Он пишет: «Не женат».
Количество детей моложе пятнадцати лет?
У него нет детей. Не женат — так какие же дети? Мистер Джонсон долго протирает очки грязным носовым платком. Он не привык носить очки. Впрочем, невелика польза от этих очков. Обыкновенное оконное стекло. Но лицо от них меняется до неузнаваемости.
Он перечитывает анкету. Затем машет ею в воздухе, чтобы просохли чернила. Всю жизнь у него было под рукой пресс-папье. А теперь нет даже кусочка промокательной бумаги.
К бланку приложен большой конверт. Мистер Джонсон складывает бумагу, сует ее в конверт и тщательно запечатывает. Уж не воображает ли он, что может сохранить написанное втайне от Йенса Йенсена? Он забыл, вероятно, что Йенс Йенсен — официальное лицо, что он сидит в общинном совете и несет ответственность за правильное заполнение бланков переписи населения.
Джонсон выходит через низкую голубую калитку и сдает конверт в соседний дом: «Вот пожалуйста; кажется, все в полном порядке».
Глава 29
Где-то в отдалении, на болотах, трещат выстрелы. Слышатся они и совсем поблизости — в лесу. Охотники во всей округе вышли на охоту и стреляют. Теперь смотри в оба — как бы чужие не забрались в твои владения. Жители усердно строчат жалобы, уличая друг друга в браконьерстве.
Велосипедный мастер проходит мимо дома Йенсена со своим ружьем и старой маленькой собакой. Проезжает в своем фордике и Хагехольм — в полном охотничьем снаряжении, с ягдташем, биноклем и пером на шляпе. Увидев велосипедного мастера, он останавливает машину, опускает стекло и орет на всю улицу:
— Посмей только сунуться на мой участок, — шкуру спущу!
А велосипедный мастер, вне себя от ярости, грозит ему кулаком и кричит:
— А если я застану тебя на своем, — застрелю на месте! Теперь ты предупрежден!
Хагехольм едет дальше. А велосипедный мастер, полный достоинства, шествует со своим ружьем и старой собакой.
Хагехольм — хороший охотник. У него есть деньги, и он может арендовать для охоты лучший участок в округе. Немало зайцев привозит он домой в своем фордике. А бывает — и косулю. Разумеется, он не в состоянии поглотить всю эту дичь. А заправскому охотнику не полагается продавать свою добычу. Но, с другой стороны, Хагехольм не любитель делать подарки. И вот, после того как всех этих зайцев и косуль освежевали, их рубят на части, варят и консервируют. У Йоханны осенью забот полон рот. Она заготовляет впрок дичь и солит зайцев.

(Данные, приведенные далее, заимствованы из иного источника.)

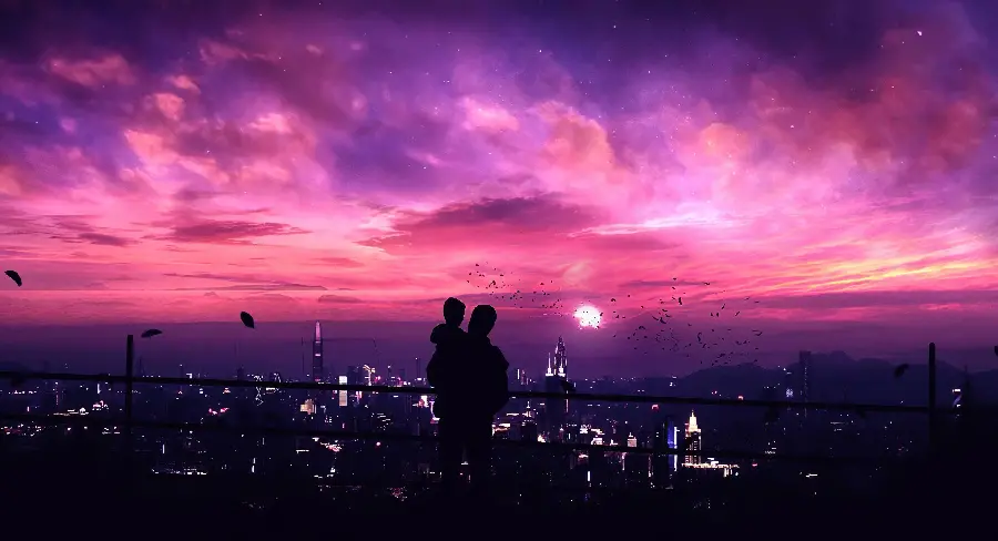 عکس نقاشی پدر و پسر هنگام تماشای غروب آفتاب در کنار هم

Она хозяйничает у Хагехольма более сорока лет, служила у него еще при жизни его жены. Они спят вдвоем на белой лакированной двуспальной кровати, но соседи так и не знают толком, согревают они лишь друг друга или ведут свинскую и распутную жизнь. Над кроватью висит коврик, на котором вышито: «Х р и с т о с в о с к р е с!»
Когда Хагехольм вышел в отставку, он купил себе дом, или, как он выражается, виллу. Хорошенький домик, в современном стиле, из серых цементных плит, с красной крышей и с красными полосами на стенах. Хагехольм ухлопал на свою виллу немало денег. У ворот он поставил два четырехгранных столба, украшенных шарами. В центре круглого газона перед домом он водрузил флагшток с позолоченной стеклянной шишкой на конце. Летом он сдает первый этаж своего дома копенгагенцам и таким образом покрывает расходы по налогам и другим платежам за целый год.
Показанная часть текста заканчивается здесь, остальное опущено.